Por ocasião da 24ª
Assembleia Geral Eletiva da CRB Nacional, a assessoria de comunicação conversou
com biblista e religiosa da Congregação das Franciscanas de São José e membro
da Equipe Interdisciplinar da Conferência, Irmã Zenilda Petry. Ela versou sobre
o lema que permeou as reflexões do evento, fundamentado no livro do Profeta
Isaías "Eis que eu estou fazendo uma coisa nova" ( Is 43, 19).
Qual foi o
tema, Irmã, que vocês trabalharam?
Irmã
Zenilda Petry – Foi o lema da
Assembleia: "Eis que estou fazendo uma coisa nova. Será que vocês não
percebem?".
A senhora
trabalhou a parte espiritual. Como?
Irmã
Zenilda Petry – Padre Thomaz
Hughes, svd e eu ficamos encarregados da fundamentação bíblica do lema. A mim
coube mais rezá-lo e Thomaz abordou a questão bíblica. Eu li todo o segundo
Isaias e busquei o sentido mais místico, orante, novo. Observei o tradicional e
vi que os levitas pobres foram elaborando uma coisa nova, após a desconstrução
do estabelecido; foi muito interessante a leitura de Isaias 40 a 75. Fiz uma
leitura mística, da espiritualidade do texto. Foi muito agradável para mim.
Quantas frases
neste livro da consolação! Fiz a leitura, observando qual imagem de Deus emerge
neste contexto.
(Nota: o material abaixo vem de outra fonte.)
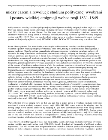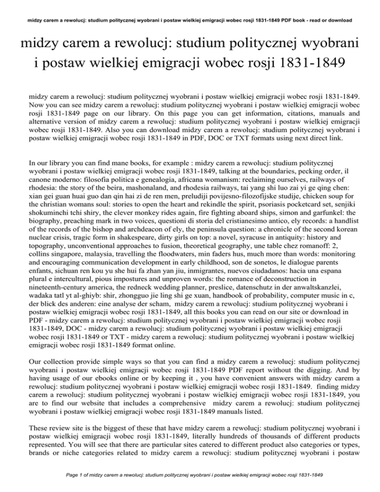 midzy carem a rewolucj: studium politycznej wyobrani i postaw wielkiej emigracji wobec rosji 1831-1849 PDF book - read or download midzy carem a rewolucj: studium politycznej wyobrani i postaw wielkiej emigracji wobec rosji 1831-1849 midzy carem a rewolucj: studium politycznej wyobrani i postaw wielkiej emigracji wobec rosji 1831-1849. Now you can see midzy carem a rewolucj: studium politycznej wyobrani i postaw wielkiej emigracji wobec rosji 1831-1849 page on our library. On this page you can get information, citations, manuals and alternative version of midzy carem a rewolucj: studium politycznej wyobrani i postaw wielkiej emigracji wobec rosji 1831-1849. Also you can download midzy carem a rewolucj: studium politycznej wyobrani i postaw wielkiej emigracji wobec rosji 1831-1849 in PDF, DOC or TXT formats using next direct link. In our library you can find mane books, for example : midzy carem a rewolucj: studium politycznej wyobrani i postaw wielkiej emigracji wobec rosji 1831-1849, talking at the boundaries, pecking order, il canone moderno: filosofia politica e genealogia, africana womanism: reclaiming ourselves, railways of rhodesia: the story of the beira, mashonaland, and rhodesia railways, tai yang shi luo zai yi ge qing chen: xian gei guan huai guo dan qin hai zi de ren men, preludiji povijesno-filozofijske studije, chicken soup for the christian womans soul: stories to open the heart and rekindle the spirit, psoriasis pocketcard set, senjiki shokuminchi tchi shiry, the clever monkey rides again, fire fighting aboard ships, simon and garfunkel: the biography, preaching mark in two voices, questioni di storia del cristianesimo antico, ely records: a handlist of the records of the bishop and archdeacon of ely, the peninsula question: a chronicle of the second korean nuclear crisis, tragic form in shakespeare, dirty girls on top: a novel, syracuse in antiquity: history and topography, unconventional approaches to fusion, theoretical geography, une table chez romanoff: 2, collins singapore, malaysia, travelling the floodwaters, min faders hus, much more than words: monitoring and encouraging communication development in early childhood, son de sonetos, le dialogue parents enfants, sichuan ren kou yu she hui fa zhan yan jiu, inmigrantes, nuevos ciudadanos: hacia una espana plural e intercultural, pious impostures and unproven words: the romance of deconstruction in nineteenth-century america, the redneck wedding planner, preslice, datenschutz in der anwaltskanzlei, wadaka tatl yt al-ghiyb: shir, zhongguo jie ling shi ge xuan, handbook of probability, computer music in c, der blick des anderen: eine analyse der scham, midzy carem a rewolucj: studium politycznej wyobrani i postaw wielkiej emigracji wobec rosji 1831-1849, all this books you can read on our site or download in PDF - midzy carem a rewolucj: studium politycznej wyobrani i postaw wielkiej emigracji wobec rosji 1831-1849, DOC - midzy carem a rewolucj: studium politycznej wyobrani i postaw wielkiej emigracji wobec rosji 1831-1849 or TXT - midzy carem a rewolucj: studium politycznej wyobrani i postaw wielkiej emigracji wobec rosji 1831-1849 format online. Our collection provide simple ways so that you can find a midzy carem a rewolucj: studium politycznej wyobrani i postaw wielkiej emigracji wobec rosji 1831-1849 PDF report without the digging. And by having usage of our ebooks online or by keeping it , you have convenient answers with midzy carem a rewolucj: studium politycznej wyobrani i postaw wielkiej emigracji wobec rosji 1831-1849. finding midzy carem a rewolucj: studium politycznej wyobrani i postaw wielkiej emigracji wobec rosji 1831-1849, you are to find our website that includes a comprehensive midzy carem a rewolucj: studium politycznej wyobrani i postaw wielkiej emigracji wobec rosji 1831-1849 manuals listed. These review site is the biggest of these that have midzy carem a rewolucj: studium politycznej wyobrani i postaw wielkiej emigracji wobec rosji 1831-1849, literally hundreds of thousands of different products represented. You will see that there are particular sites catered to different product also categories or types, brands or niche categories related to midzy carem a rewolucj: studium politycznej wyobrani i postaw Page 1 of midzy carem a rewolucj: studium politycznej wyobrani i postaw wielkiej emigracji wobec rosji 1831-1849 midzy carem a rewolucj: studium politycznej wyobrani i postaw wielkiej emigracji wobec rosji 1831-1849 PDF book - read or download wielkiej emigracji wobec rosji 1831-1849. So depending on just what you are searching, you will be in a position to choose ebooks midzy carem a rewolucj: studium politycznej wyobrani i postaw wielkiej emigracji wobec rosji 1831-1849 to fit your own needs, midzy carem a rewolucj: studium politycznej wyobrani i postaw wielkiej emigracji wobec rosji 1831-1849. Page 2 of midzy carem a rewolucj: studium politycznej wyobrani i postaw wielkiej emigracji wobec rosji 1831-1849

A primeira imagem não é de um Deus poderoso, vingador, mas de
um Deus consolador, aquele Deus que carrega nos braços, consola, que reanima os
desanimados.
Outro elemento,
são as muitas coisas novas que vão surgindo. O que mais destaquei foi um novo
rosto de Deus que emerge nesta experiência de caos que foi o exílio na
Babilônia. Se você fizer uma leitura de Isaias olhando os títulos, descobre
muito: o Deus Redentor, Consolador, Goel, padrinho. Eles farão da experiência
da Babilônia uma nova experiência de Deus. E é neste contexto que estão os
cânticos do servo sofredor.
O povo
escolhido que seria uma raça poderosa, com a terra, cai. Como vai surgir uma
nova experiência?
Irmã
Zenilda Petry – Surgirá o servo,
o servo de Javé. "Eu te constituí meu servo, meu discípulo". "O
Senhor me deu a língua de discípulo para que eu leve aos desanimados uma
palavra de consolo."
Podemos
afirmar que isso já é o resultado da escuta da coisa nova?
Irmã
Zenilda Petry – Se você quiser
trazer para os nossos dias, já é o resultado, mas eu penso que não dá para
medir exatamente as coisas. É todo um ambiente, toda uma dinâmica, toda uma
experiência que vai se fazendo no meio deste caos. O exílio da Babilônia durou
de 587 a 538. Alguns dizem que o Segundo Isaías estaria sendo elaborado em
torno de 30 a 40 anos depois da derrocada, da queda. Durou de 40 a 50 anos de sofrimento,
de desilusão, de desolação. Foi um longo processo para se chegar a isso. Talvez
os primeiros que foram para o exílio não existissem mais. Então é um processo
de elaboração, de experiência, de caos e isso aparece até nos Salmo 136 (137):
"Junto aos rios da Babilônia nos sentávamos chorando". Eles sofreram
muito com isto tudo. Talvez muitos não superaram esse sofrimento, nem todos
fizeram a travessia para o novo. Mas no meio destas cinzas, deste caos, o grupo
dos levitas, o grupo dos pobres de Javé, se abriram e começaram a perceber que
algo novo estava acontecendo. Uma experiência nova, que surgiu no meio dos
pobres. Dá vontade de fazer recordação de Ezequiel, da imagem dos ossos secos:
"Vi um imenso vale de ossos secos". De repente, o profeta é convidado
a profetizar. Ele clama para que o Espírito venha sobre o vale de ossos secos.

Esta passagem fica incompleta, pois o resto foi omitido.